Plaintiff: Securities and Exchange Commission
Defendants: Emanuel L. Sarris, Sr., Sarris Financial Group, Inc.
This complaint stems from a massive Ponzi scheme allegedly perpetrated, in part, by Emanuel L. Sarris and his investment advisory firm, Sarris Financial Group, Inc. According to the complaint, Sarris convinced more than 70 investors to invest over $30 million in the “Kenzie Funds,” which purportedly invested in foreign currency. Allegedly, the Kenzie Funds invested less than one-third of investor capital, inflated performance figures, and funded redemption requests with principal from other investors.
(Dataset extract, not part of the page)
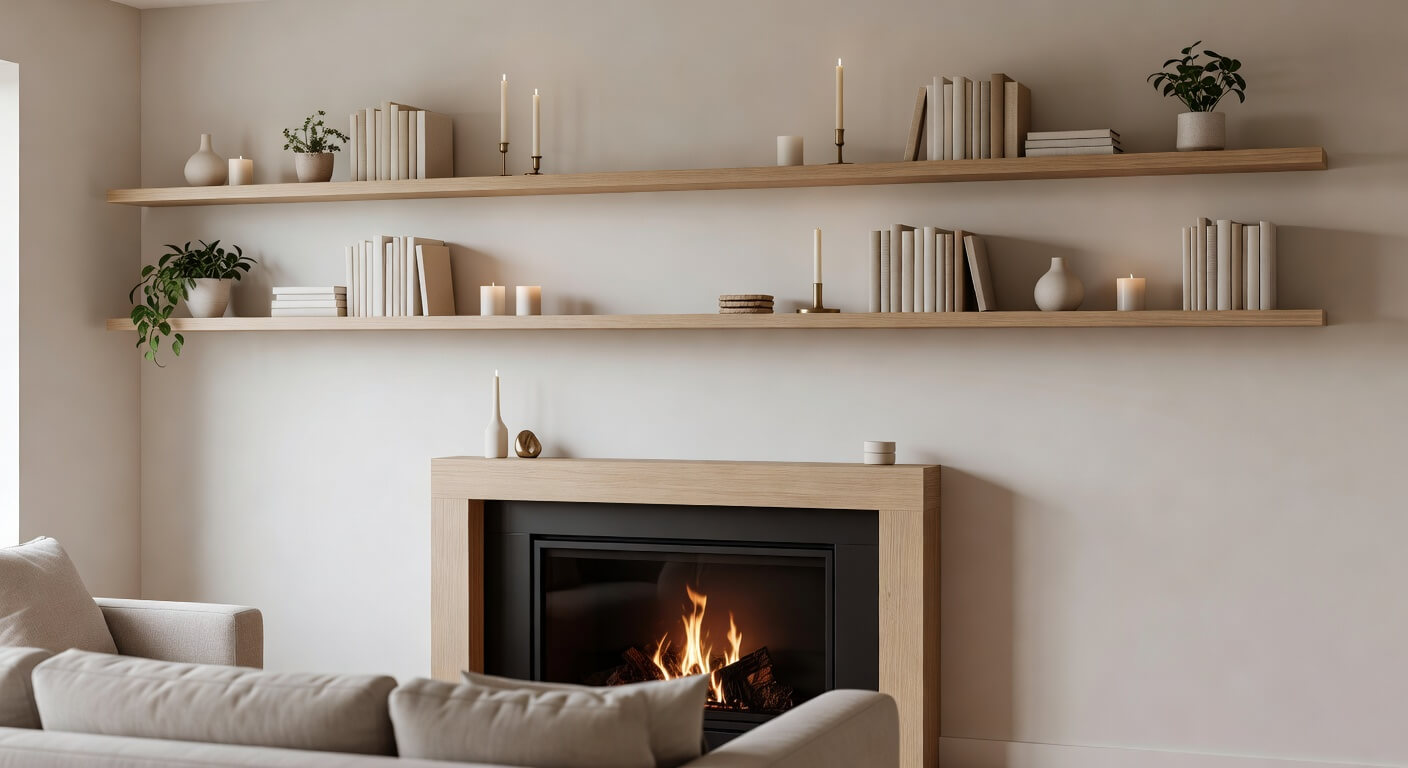 Floating shelves above fireplace give you flexibility, which makes them a smart choice if you like switching things up. They also let you blend practical storage with decorative styling.

In total, from 2001 through 2009 the Kenzie Funds defrauded more than 400 investors out of over $100 million. In 2010, the SEC filed a lawsuit against the Kenzie Funds and their manager, Daniel Spitzer, who the court ordered to pay $44 million in disgorgement and prejudgment interest and a $150,000 civil penalty. Spitzer was later indicted on multiple counts of criminal fraud for his involvement in the scheme.
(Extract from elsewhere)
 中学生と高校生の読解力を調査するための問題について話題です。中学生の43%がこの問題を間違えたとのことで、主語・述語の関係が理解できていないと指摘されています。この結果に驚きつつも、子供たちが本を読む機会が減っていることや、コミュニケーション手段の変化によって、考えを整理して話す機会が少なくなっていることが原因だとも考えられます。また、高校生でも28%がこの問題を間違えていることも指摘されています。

The complaint alleges that Sarris continued to sell the Kenzie Funds in 2010, despite the Kenzie Funds’ apparent dissolution after the 2010 suit filed by the SEC. The complaint further alleges that Sarris falsely represented to investors that his firm was independent from the Kenzie Funds and “gets nothing out of” attracting investment capital. However, the defendants allegedly earned an annual salary and received over $1.5 million in incentive payments from one of the Kenzie companies. Allegedly, Sarris lured investors, most of whom were retired individuals, by soliciting existing Sarris Financial Group estate planning and insurance clients or by hosting free estate planning seminars and private conferences or dinners. The plaintiff alleges that Sarris fraudulently assured investors of the safety of the Kenzie Funds, while ignoring blatant red flags regarding their legitimacy. Further, the complaint alleges that on at least two occasions Sarris recommended that the Kenzie companies use incoming investments to fund redemption requests.
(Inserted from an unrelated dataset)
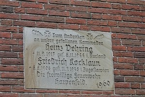 Sandsteintafel in Gebäudefassade Zum Andenken an unsere gefallenen Kameraden (Namen). Die freiwillige Feuerwehr Harpenfeld 1969.

Based on these allegations, the complaint alleges four causes of action against the defendants: (i) violations of sections 5(a) and 5(c) of the Securities Act (ii) violations of sections 17(a)(1) of the Securities Act; (iii) violations of sections 17(a)(2) and (3) of the Securities Act; and (iv) violations of section 10(b) of the Exchange Act, and Rule 10b-5 promulgated thereunder. According to the complaint, the plaintiff seeks an order enjoining defendants from engaging in securities transactions in violation of the provisions alleged in the complaint, disgorgement of wrongful gains, and civil penalties under the Exchange Act and Securities Act.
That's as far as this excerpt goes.